Ganging together multiple fans can also increase efficiency. For instance, Soler & Palau North America, OEM Products Division of Montville, N.J., offers backward curved motorized impellers that can be grouped for greater efficiency. A backward curved impeller is a centrifugal air-moving wheel with blades inclined in the direction opposite to the direction of rotation. The backward curved motorized impellers employ an external rotor motor. The fan blade assembly is press fit onto the external rotor which spins on the outside of the stator. The fins are curved against the direction of flow, which pushes the air, says Carl Giordano, Senior Vice President & General Manager.


Air lab
An air flow testing lab operated by Soler-Palau.
While the impellers only produce, at maximum, about 2 in. of static pressure, they can grouped together to increase total airflow. In a typical configuration, the fans are installed in a tray and situated along the same plane, and they pull the air in the same direction and exhaust it in the same direction. “So,” says Giordano. “If you want to filter or cool air, the fans would be placed behind the filter or behind the heat exchanger and the impellers will pull air through that medium and then into the impeller throat and exhaust it in the back of the unit.”

The impeller does not require a housing to work, which gives the designer an “elegant solution” to a number of different applications.

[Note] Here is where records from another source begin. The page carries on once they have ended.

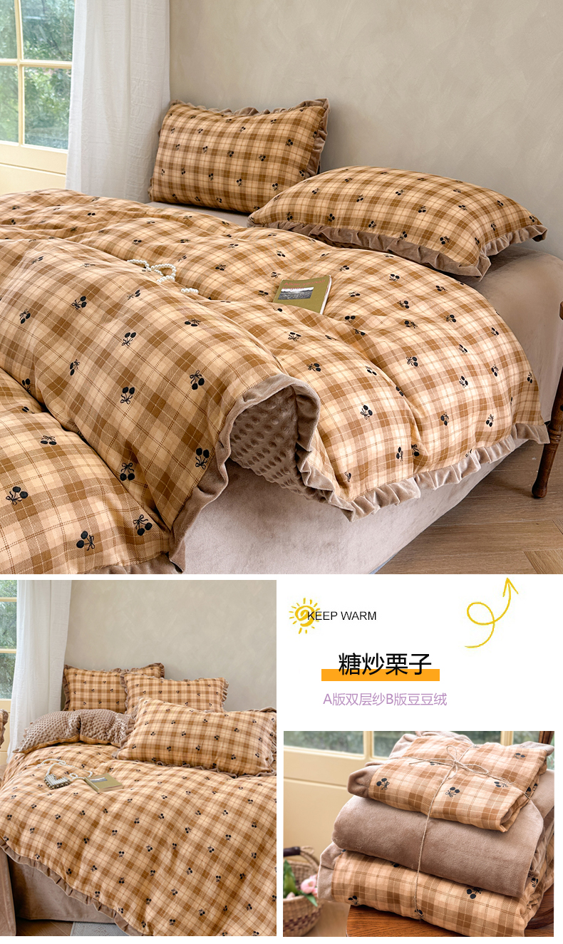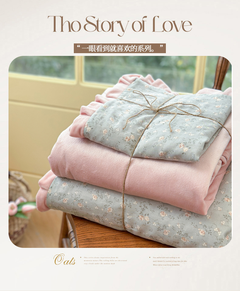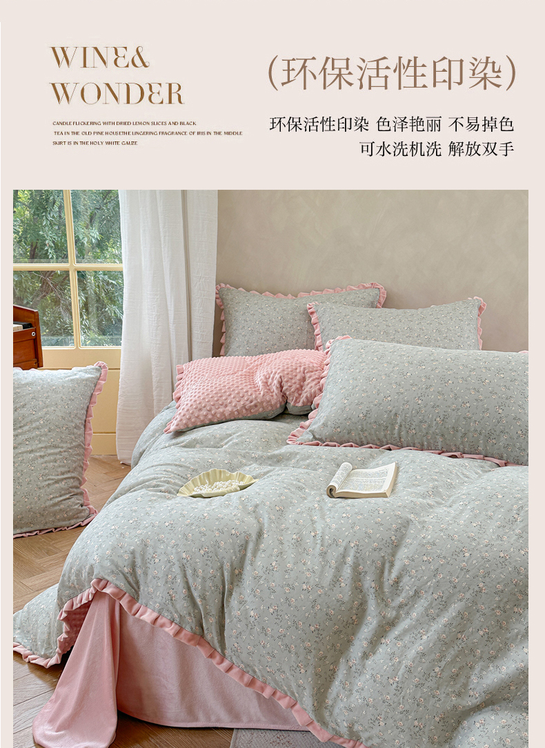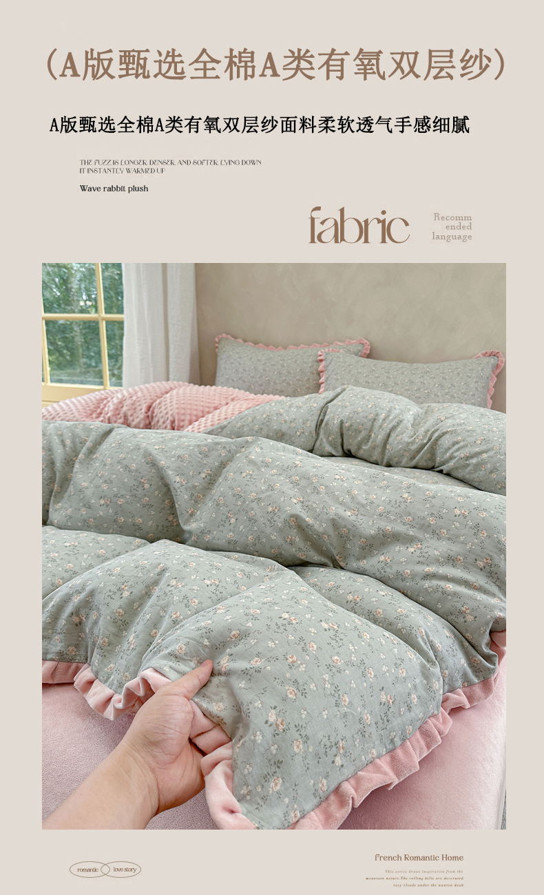 当前位置: 91家纺网 > 商品网购 > 床品套件 > 四件套 > 全棉普通四件套 > 麦伦家居 2025多功能床品全棉纯棉A类有氧双层纱+豆豆绒四件套荷叶边系列 椿野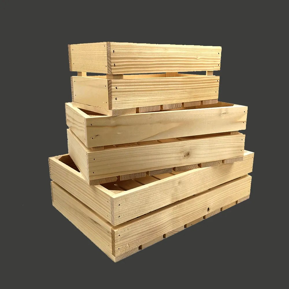 Drevená súprava 3 boxov z masívneho smrekového dreva dobre poslúži na ukladanie a organizovanie najrôznejších vecí. Otvory zabezpečujú cirkuláciu vzduchu. Súprava pozostáva z troch veľkostí boxov – najmenší 28x15x12 cm (dĺžka/šírka/výška), objem 5 l, stredný 34x21x12 cm (dĺžka/šírka/výška), objem 8 l a najväčší 40x27x12 cm (dĺžka/šírka/výška), objem 12 l. Krabice sú bez povrchovej úpravy a majú nosnosť 15 kg.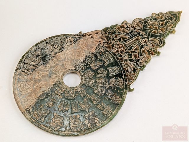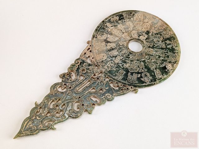 Jade chinois finement sculpté à motifs de dragons et disque Bi, mesurant 9.75 pouces de longueur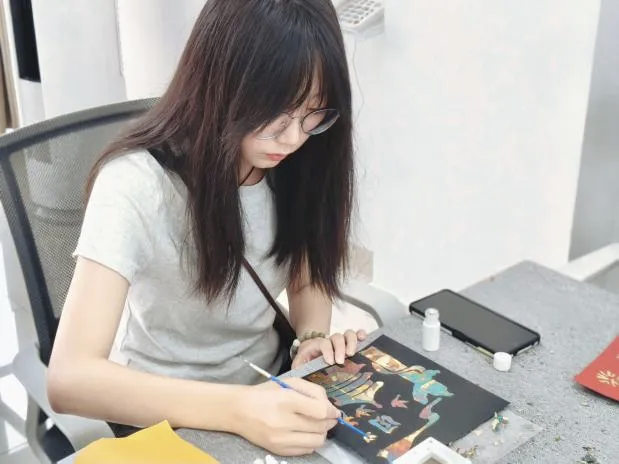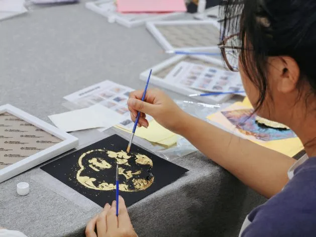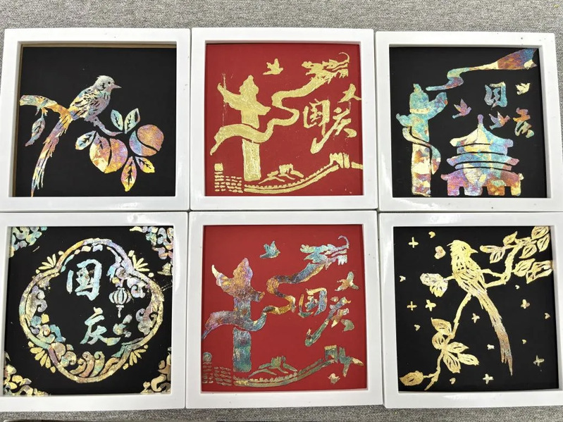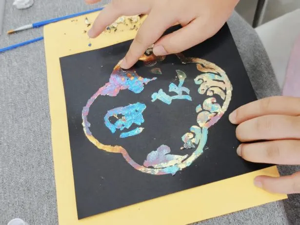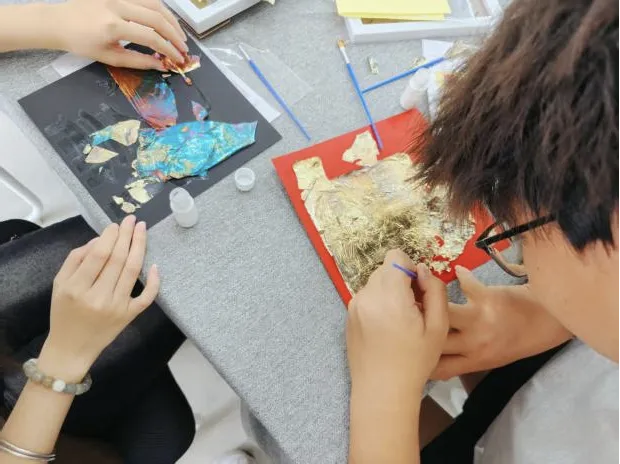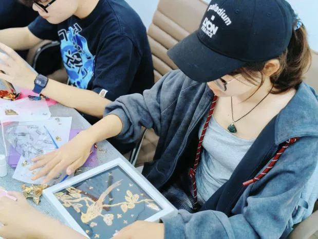 金箔技艺,是一项历史悠久的非物质文化遗产,它以金为材,经千锤百炼而成薄如蝉翼的箔片,蕴含着“真金不怕火炼”的匠心精神。活动现场,同学们对这项传统技艺展现出浓厚兴趣。参加活动的同学们相互交流、自主探索,从设计勾勒国庆主题图稿,到小心翼翼地为图案涂抹胶水,再到专注地将一片片璀璨的金箔粘贴、按压……整个过程充满了尝试与发现的乐趣。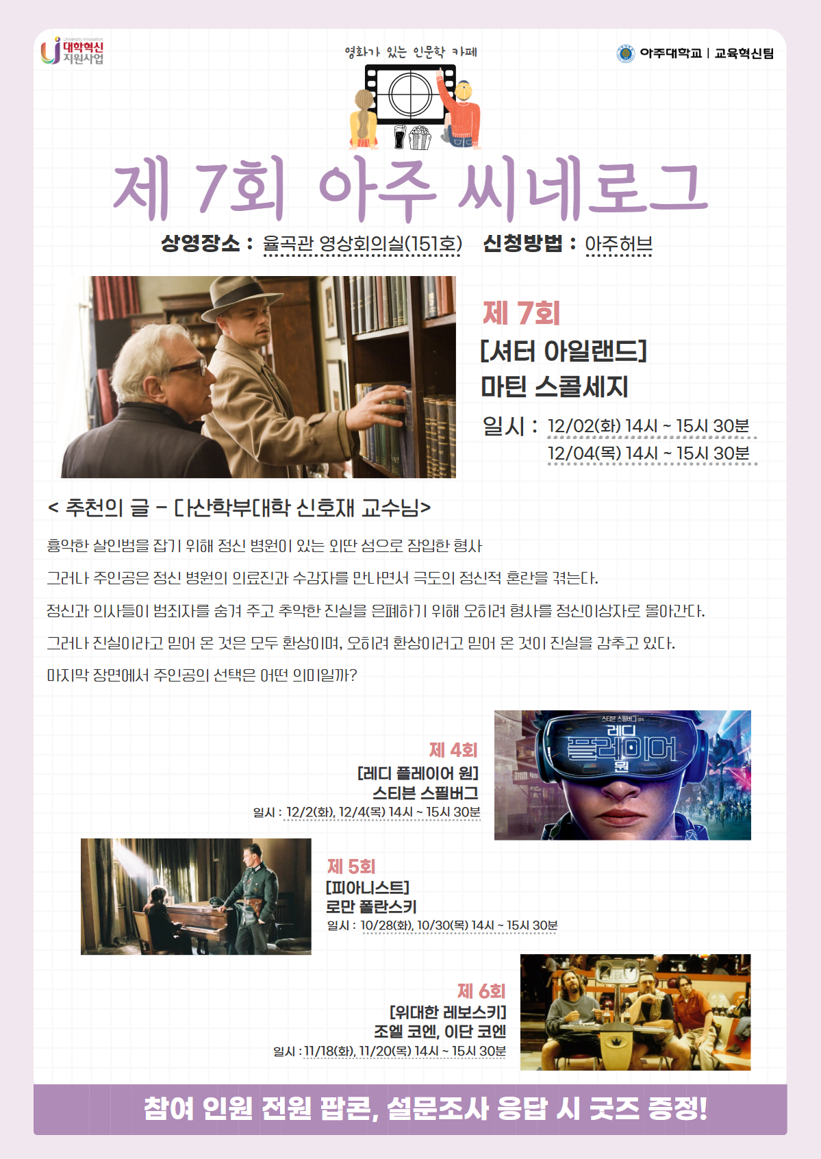 [๋น„๊ต๊ณผ] ๐ŸŽ[์‹ ์ฒญ๊ฐ€๋Šฅ-2025 ์ฐ๋ง‰ D-0]์˜ํ™”๊ฐ€ ์žˆ๋Š” ์ธ๋ฌธํ•™ ์นดํŽ˜ '์•„์ฃผ ์”จ๋„ค๋กœ๊ทธ' ์ฐธ์—ฌ์ž ๋ชจ์ง‘๐ŸŽ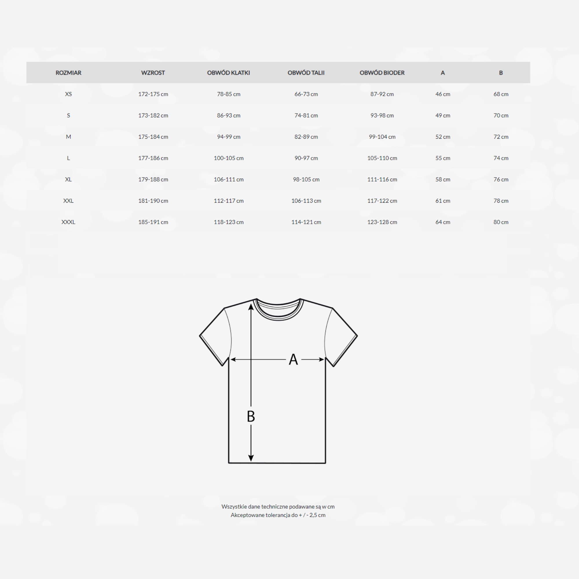 Tabela rozmiarów koszulki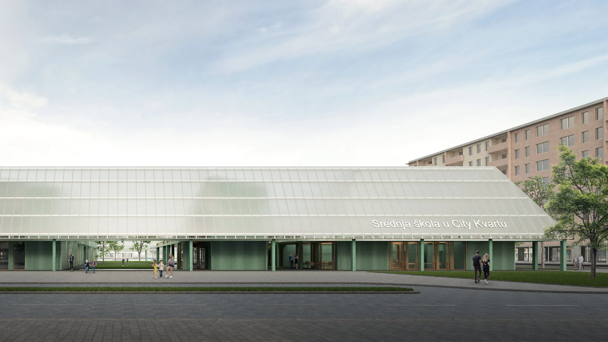 The design area is located in the northwest of the city of “Kvart”, on the route of the urban development extension. The area, together with its immediate surroundings, is located on a pattern with gridal layout and orthogonal layout. Almost all of the adjacent building groups are segments of mostly rectangular complexes with an effort to complete the macro form on an island basis. For this reason, an urbanism trend that can be read quickly in the urban pattern also constitutes an important reference for possible school building parts. In this respect, the extensional tendency of design and the reflex of texture completion in the built environment actually push the designer actor to a single conclusion. In particular, the almost "non-directional" and "unfocused" boundary line of the building block, where the design area is also located, causes the possible structure or building group to move with the motivation to continue this feature in the superstructure.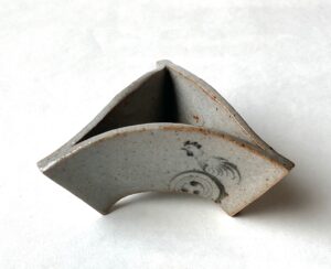 Three-sided futa-oki, 蓋置, lid-place, in the shape of sen-men, 扇面, fan-face, with a design of a niwatori, 鶏, chicken, on a drum. On another side is the design of a shi-me-nawa, 注連縄, flow-along-rope, with paper streamers, all are emblems of Shintō. Illegible stamp: w. 3 sun kane-jaku. The object is suitable as a futaoki, however, its original intended use is unknown.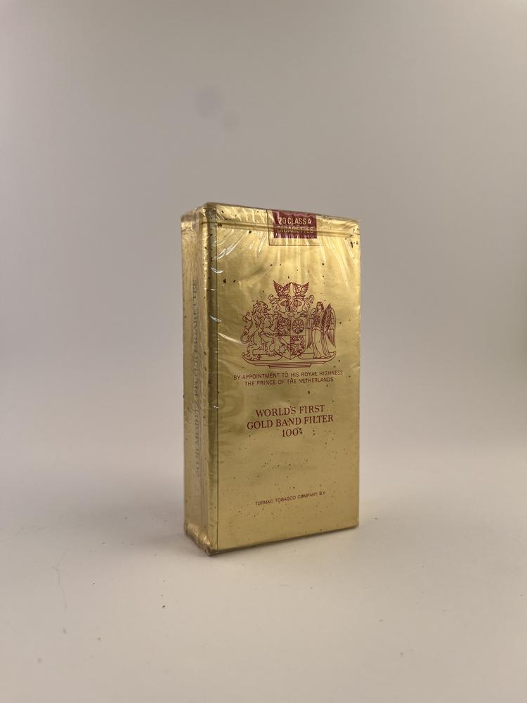 On the back side - gold background with inscription World's First Gold Band Filter 100's, emphasizing the luxury and innovation of the product.

The impellers feature permanently sealed ball bearings and can operate in any orientation. “They can be mounted upside down, sideways on a vertical plane or on a horizontal plane,” says Giordano.


Sound lab
Soler-Palau’s sound testing lab.
The permanent-split-capacitor motors come in about a dozen sizes ranging from 5 in. to about 14 in., 115 V and 230 V, and are single phase, speed controllable. “That has the benefit of allowing the designers to change the RPM, which directly changes the air flow and static pressure to meet the requirements of each particular application,” he says.

For more information: A.O. Smith email: John.Belko@aosepc.com
ebm pabst email: Jamie.Perkins@us.ebmpapst.com
Soler & Palau, North America email: cgiordano@soler-palauinc.com
Ziehl-Abegg USA email: duncan.russell@ziehl-abegg.us


Sidebar: Eficient Mixing

Ametek
Ametek Nautilair blower
Another application for a blower is in gas combustion appliances, where the blower is used to provide an efficient solution for mixing air and gas before combustion, resulting in high efficiency and low emissions.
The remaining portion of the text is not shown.